I can't tell you how much I admire this woman. I know that I am seeing about one one-hundredth of one percent of what her life is about. But she is so articulate, so witty, so open, so freaking REAL in the way she writes and shares that .01%, that I feel like I know her, and want to know her better.

Reading her cancer blog has a new relevance for me as well, since my friend was just diagnosed with leukemia. It could not have come at a better time to read that someone else I know and care about (however remote and unreal the knowing and caring allegedly may be) is fighting and so far winning the battle with cancer.

My friend's journey into The Big Ick is just beginning, and I know absolutely nothing about what she's going to go through, besides what I've seen in movies and TV shows. Which? Not the most reliable or accurate source of knowledge. But something in my heart has eased a bit, knowing that Liz is kicking the ass of her tumor. And I'm feeling a little stronger knowing what my friend might be dealing with, and perhaps knowing a bit more of what I might be able to do to help.

It's probably transitory and I'm probably still harboring a lot of misconceptions and I just might be blowing sunshine out my ass. But I'm going to cling to this feeling while I can.

Friday, February 09, 2007

WTF

I just found out that one of my dearest friends in the world has leukemia and I'm having some trouble dealing with it. I want to be a help and support to her but I don't know even where to start. This is totally out of the blue and of course my culturally trained gut reaction is to hear that "L" word and immediately feel like she's already gone, which she totally is NOT, she's of course going to fight it but I worry about her, and her two boys, and them living with their dad instead of her because he has anger issues, and I don't want it to be about me and my feelings and my reactions but I think it's natural to have some self-reflection when you find out that someone's life is suddenly threatened like that, and I don't want to thrust my help on her if she really wants this to just be a time for her to be close to her family, but she has a history of not asking for help even when she could use it so I don't know what to do.
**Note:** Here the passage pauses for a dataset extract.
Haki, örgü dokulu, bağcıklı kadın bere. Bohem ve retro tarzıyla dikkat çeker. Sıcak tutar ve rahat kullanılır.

I don't know what I'm saying but if there's any random goodwill floating around out there in the blogosphere I'd really appreciate some of it being pointed in the Cincinnati direction.

Monday, February 05, 2007

Nothing nothing nothing

Nothing is coming to me. I try every day to write something here and I can't even think of anything to say to myself. I started this as a place to vent, to quantify or qualify or textify my thoughts. But all my thoughts are of escaping, getting out, turning away and I can't bear that so I do things that help me think of nothing instead. Like let the dajamou watch hours of TV so I can watch hours of video online. Or read 20 some odd blogs for some kind of vicarious life. Or lose myself in a novel.

But those things don't give me much to write about.